Internet-powered agricultural services face challenges scaling up

Africa’s growing mobile and internet penetration has inspired innovative services aimed at improving agricultural productivity by giving farmers easier access to expertise and information on everything from weather and market access to pest control.

iCow is a Kenyan online platform that aids farmers.

iCow is a Kenyan online and mobile platform that aids farmers.

Such innovations have had a considerable impact on improving yields and increasing incomes of small-scale and subsistence farmers. However, scaling up of existing mobile and internet services targeted at farmers has been difficult.
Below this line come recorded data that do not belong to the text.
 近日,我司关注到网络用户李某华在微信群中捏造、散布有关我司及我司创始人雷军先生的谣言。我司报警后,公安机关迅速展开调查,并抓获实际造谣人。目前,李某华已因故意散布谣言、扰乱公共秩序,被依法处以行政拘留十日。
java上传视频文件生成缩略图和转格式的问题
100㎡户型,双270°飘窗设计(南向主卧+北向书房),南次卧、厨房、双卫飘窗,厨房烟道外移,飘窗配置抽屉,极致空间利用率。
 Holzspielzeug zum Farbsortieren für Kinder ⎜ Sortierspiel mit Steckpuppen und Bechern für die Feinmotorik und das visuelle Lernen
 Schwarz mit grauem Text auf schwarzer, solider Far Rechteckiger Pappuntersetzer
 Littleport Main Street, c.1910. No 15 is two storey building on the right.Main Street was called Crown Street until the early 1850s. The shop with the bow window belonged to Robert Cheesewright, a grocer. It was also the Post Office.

A recent report attributes this to a shortage of technical skills.

The report titled Lions go digital: The internet’s transformative potential in Africa recommends outsourcing product development work to business incubators and increased government support to solve the skills gap.

According to the report published by The McKinsey Global Institute (MGI), penetration of smartphones and tablets among African farmers remains low, thus limiting many of the projects to basic mobile platforms and text messaging.
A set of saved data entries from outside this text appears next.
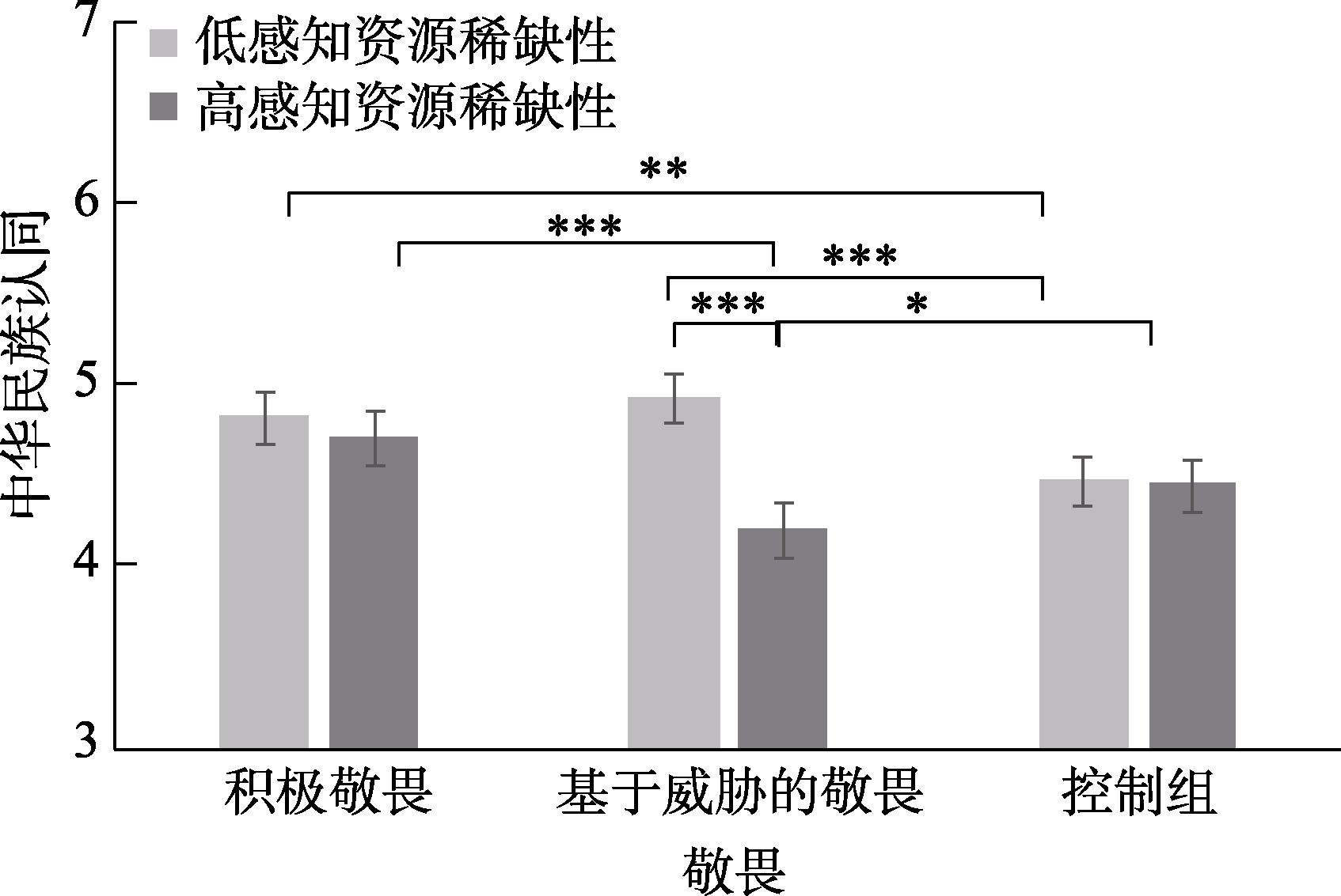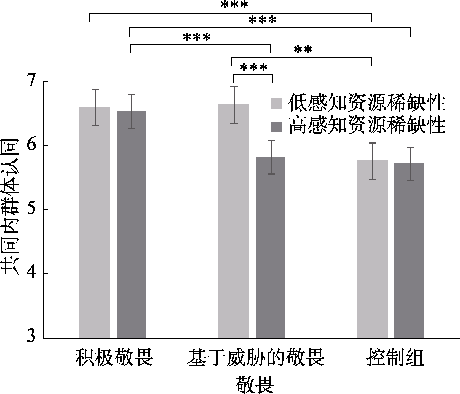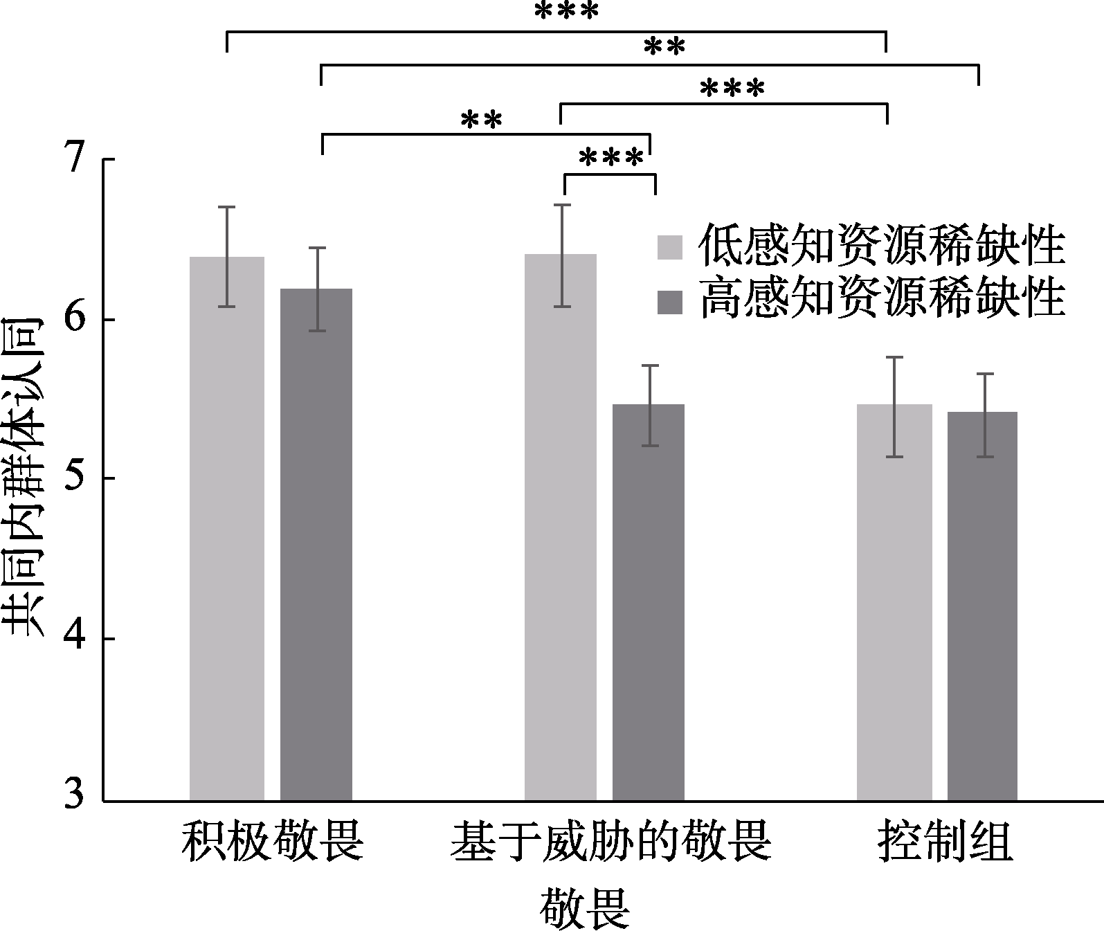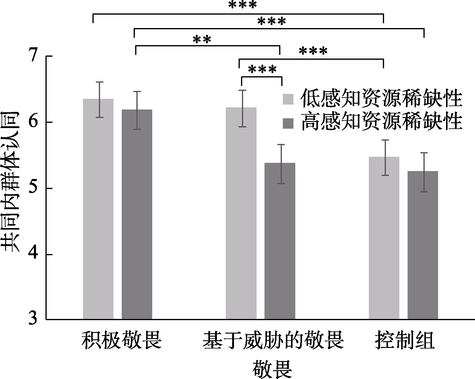 共同内群体认同是指赋予两个原本独立的群体一个上位身份, 使群体成员的认知表征由两个子群体变成一个共同内群体, 把对内群体成员的积极情感延伸到原外群体成员中, 有利于改善群际关系、增强凝聚力。面对复杂的国际环境, 团结是民族发展的重要力量, 因此如何提升共同内群体认同对民族发展至关重要。文章通过问卷调查(研究1)和操纵敬畏、感知资源稀缺性(研究2~4)探讨了敬畏对共同内群体认同的影响及作用机制。结果发现高感知资源稀缺性削弱了特质敬畏对共同内群体认同的影响(研究1), 并且调节了基于威胁的敬畏与共同内群体认同的关系(研究2~4), 即高感知资源稀缺性抑制了基于威胁的敬畏对共同内群体认同的促进效应。该结果启示我们可以通过增强敬畏, 尤其是积极敬畏来提升群体凝聚力。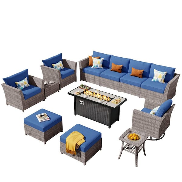 Jasmine 12-Piece Wicker Patio Rectangular Fire Pit Set with Navy Blue Cushions and Swivel Rocking Chairs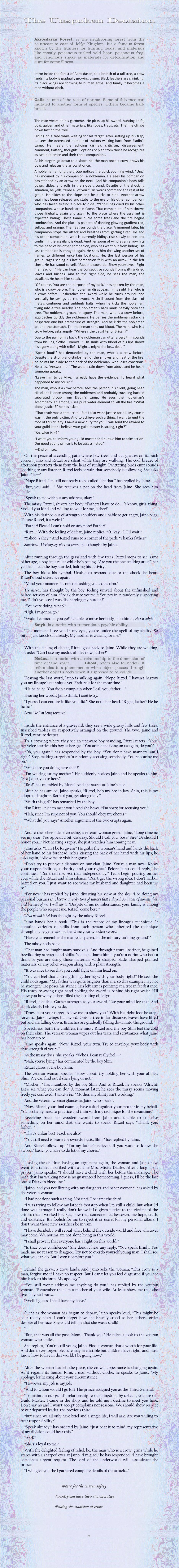 The man, who is a crow before, sees the person, his client, going near. His client is once among the noblemen and probably traveling back in separated group from Eladin's camp. He sees the nobleman's accompany, an emode, uses pure water element to kill the fire. “What about justice?” he has asked.

“This will change over time, but the short-term solution is to adopt a multiplatform approach that places primacy on SMS messaging to achieve maximum product recognition, scale and impact while developing applications that can work on more sophisticated devices as smartphone and tablet penetration grows in the future.”

The McKinsey report calls for government funding of internet-powered agricultural services and innovation in the private sector to create new revenue streams by including other services, such as warehousing and logistics, micro-financing, insurance or market information. It estimates that the internet could accelerate efforts to increase agricultural output by producing up to US$3bn in annual productivity gains in the sector.
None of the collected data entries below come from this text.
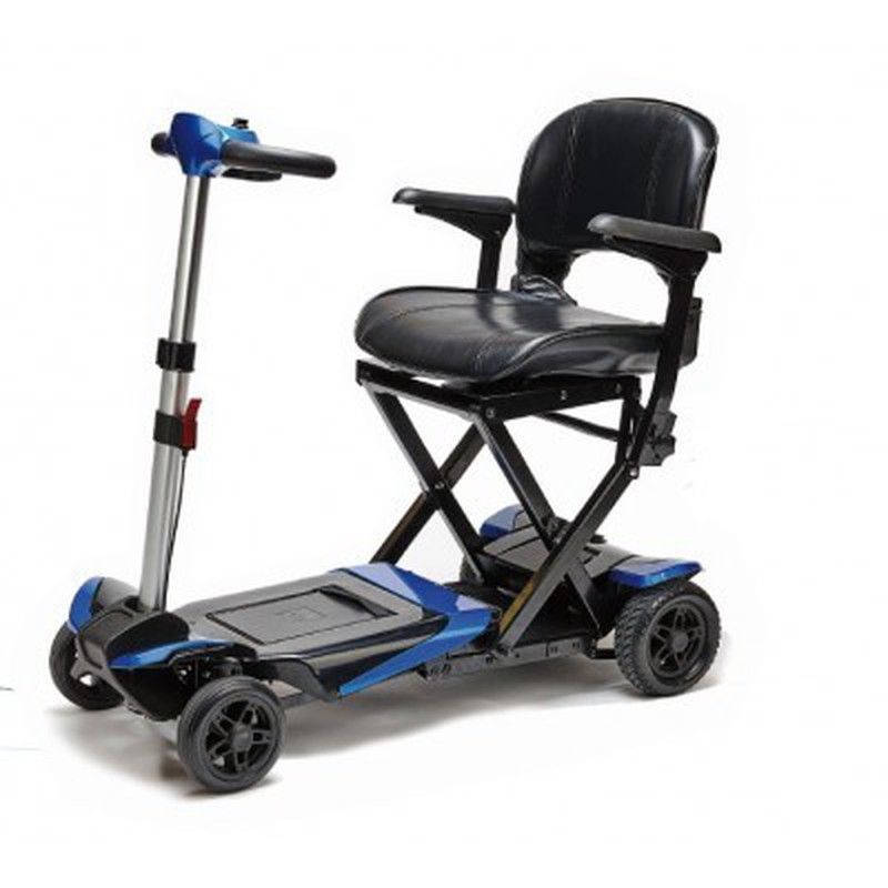 L'Wellell Transformer est le seul scooter sur le marché qui se plie électriquement à l'aide d'une télécommande. Cela facilite grandement son utilisation pour les personnes à mobilité réduite. Ses roues arrière lui permettent d'être transporté comme un chariot une fois plié.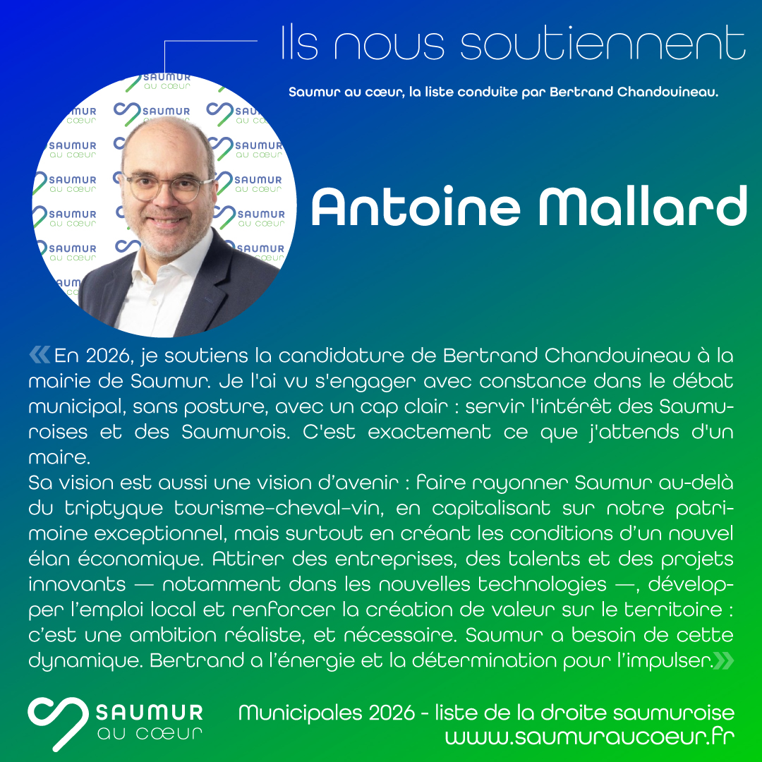 Antoine Mallard, associé dans un fond d’investissement, saumurois passionné, apporte son énergie à notre liste conduite par Bertrand Chandouineau.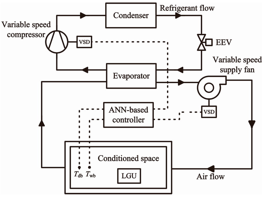 Advanced control algorithms have also been studied by many authors. Yeh et al. [41] proposed two control algorithms. The first algorithm, which modulated the outdoor fan speed, could enhance the steady-state power efficiency. The second algorithm, which added one more degree of freedom to control by modulating the indoor fan speed, could improve the transient response. The performance of the AC system could be improved if both algorithms were simultaneously implemented in the way that the second algorithm was responsible for the control action during the startup/transient phase of operation, and the first algorithm took over at steady state. Shi et al. [42] described three control algorithms for the inverter AC system: the matrix control, the system-relative commands control and the fuzzy control. Moreover, to realize comfort and system energy efficiency, they explained the mechanism to regulate the running speed of the compressor, indoor and outdoor fans, and the opening of the expansion valve. As shown in Figure 3, an artificial neural network-based controller was developed to simultaneously control the indoor air temperature and humidity by varying the compressor speed and supply fan speed [43]. The controllability tests including command following test and disturbance rejection test showed that the artificial neural network-based was able to track changes in setpoints and to resist disturbances with an adequate control accuracy. Although these control algorithms are mainly applied in building AC systems, in theory, they are also suitable for the AC systems of EVs.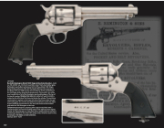 the Model 1875 and 1888 and was also intended to be the competitor of the Colt Single Action Army like its predecessors. This model is one of the most sought after of all of the Remington produced handguns. The top of the barrel is marked “REMINGTON ARMS CO. ILION, N.Y.,” and “44 C.F.W” is marked on the left side of the frame just below the cylinder. The matching serial number is marked on the lower left side of the frame under the grip and loading gate. The revolver has blade front and frame notch rear sights, lanyard stud and ring mounted on the butt and checkered hard rubber grips with the “RA” monogram at the tops.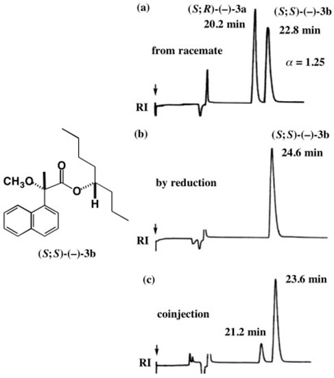 Figure 52a shows the HPLC of esters (S;R)-(−)-3a and (S;S)-(−)-3b prepared from racemic 4-octanol (±)-2; the part (b) shows the HPLC of ester (S;S)-(−)-3b obtained by reduction of ester (S;S)-(−)-70a; the part (c) shows the coinjection of two samples used in (a) and (b). The HPLC (b) shows only one band indicating that the product was diastereomerically pure, and hence it was concluded that no racemization occurred during the catalytic reduction of the acetylene alcohol MαNP ester [13].

“Technology-driven agricultural services have already shown their ability to improve crop yield, expand access to markets, and boost revenue for farmers thus improving livelihoods and boosting the broader economy,” the report reads in part.

Agricultural services

The report cites innovations such as Nigeria’s e-wallet programme which has made distribution of fertiliser subsidies more efficient and eliminated corruption. Farmers receive subsidy vouchers on their mobile phones which they redeem at the nearest dealer.

“Under the old system for distributing government subsidies for fertiliser, only 11% of farmers actually benefited, and huge sums were lost due to corruption,” says the report, adding that the e-wallet programme launched in 2012 has already achieved major savings, expanded the number of farmers served, and exceeded its production targets.

The report says iCow, an agricultural platform developed for small dairy farmers with online and mobile phone-based information and educational videos has been credited with increasing milk production by 30% among its users in Kenya. Telephone-based initiatives like Uganda’s Farmers Call Centre provide farmers with expertise on topics such as crops, livestock, weather, market information and input suppliers.

Services like Esoko, which provides weekly advisory services to farmers in many African countries through mobile phones, enabling them to negotiate better prices and choose different markets, has generated better prices for produce and livestock.

“There is tremendous potential to scale such interventions as internet penetration and usage grow, although initiatives that increase price transparency and match buyers and sellers may fall afoul of existing laws governing competition. This regulation may need to be modernised to allow for aggregation and sharing of data.”

The report explains that existing agricultural exchanges could grow in scale, sophistication and impact as they go online, adding that internet-based agricultural platforms have the potential to drive up demand for web access, and thus support infrastructure rollout in rural areas.

The McKinsey report studied six sectors namely financial services, education, health, retail, agriculture, and government, where the internet’s greatest impact in Africa is likely to be concentrated.

“Africa’s ICT sector is rapidly evolving, with positive ripple effects on investment and innovation. The challenge will be to harness and sustain this early momentum. If governments and the private sector work together to build the right foundations, the internet could contribute up to $300bn to Africa’s GDP by 2025 — all while driving economic and social progress that can have a profound effect on the lives of Africans across all socioeconomic groups.”

MGI is the business and economics research arm of management consulting firm McKinsey & Company.